Motor Imagery (MI)-based electroencephalography (EEG) signal classification plays a pivotal role in enhancing Brain-Computer Interface (BCI) systems, particularly in medical diagnostics, neurorehabilitation, and assistive technologies. However, EEG signals are inherently non-stationary and often contaminated with noise and artifacts, making accurate classification a significant challenge. Additionally, the high dimensionality of raw EEG data further complicates the feature extraction and classification process. To address these issues, we present an optimized deep learning approach that integrates a Deep Neural Network (DNN) with Teacher Learning-Based Optimization (TLBO). This hybrid model is designed to enhance the quality of feature selection, reduce irrelevant information, and improve overall classification performance. The proposed method involves a three-stage pipeline: discrete wavelet transforms (DWT)-based feature extraction, TLBO for selecting the most informative features and mitigating noise, and a DNN for classification. The TLBO algorithm, inspired by the pedagogical process between teachers and students, facilitates global optimization in the feature space. This integration ensures that only the most discriminative EEG features are used for training, thereby improving the robustness and generalization ability of the classification model.
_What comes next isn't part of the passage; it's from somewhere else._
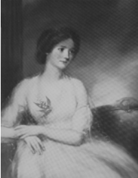
Lady, sd 1794, v. 1792 Lady, pstl, 51x38, sd 1794 (London, Phillips Son & Neale, 14–18.XII.1908, £300) =?Lady, pstl, 53x42, sd “J. Russell/[?]Paint 1794” Arthur Tooth; New York, 19.II.1925, Lot 14, $210; John West Horner, New York) Lady, 60x44.5, sd “J.Russell/1794” (London, Sotheby's, 21.III.2002, Lot 105 repr., est. £2–3000, b/i; Swindon, Dominic Winter Book Auctions, 22.VII.2004, Lot 163, est. £700–1000; Oxford, Mallams, 8.X.2004, Lot 449 repr., est. £800–1200, £1500) Φ

Extensive experimental validation has been performed using benchmark datasets from BCI Competition III and IV. The results demonstrate that the proposed approach significantly outperforms traditional classifiers and other deep learning baselines in terms of accuracy, precision, sensitivity, and specificity. For example, classification accuracy improved up to 97.05% in certain frequency bands, surpassing conventional methods such as BN and EBL. These findings highlight the potential of the proposed method for real-time BCI applications, such as motor control for prosthetic devices, wheelchair navigation, and communication systems for individuals with severe motor impairments. This work contributes to the advancement of intelligent BCI systems by offering a scalable, accurate, and computationally efficient solution for MI-EEG signal classification.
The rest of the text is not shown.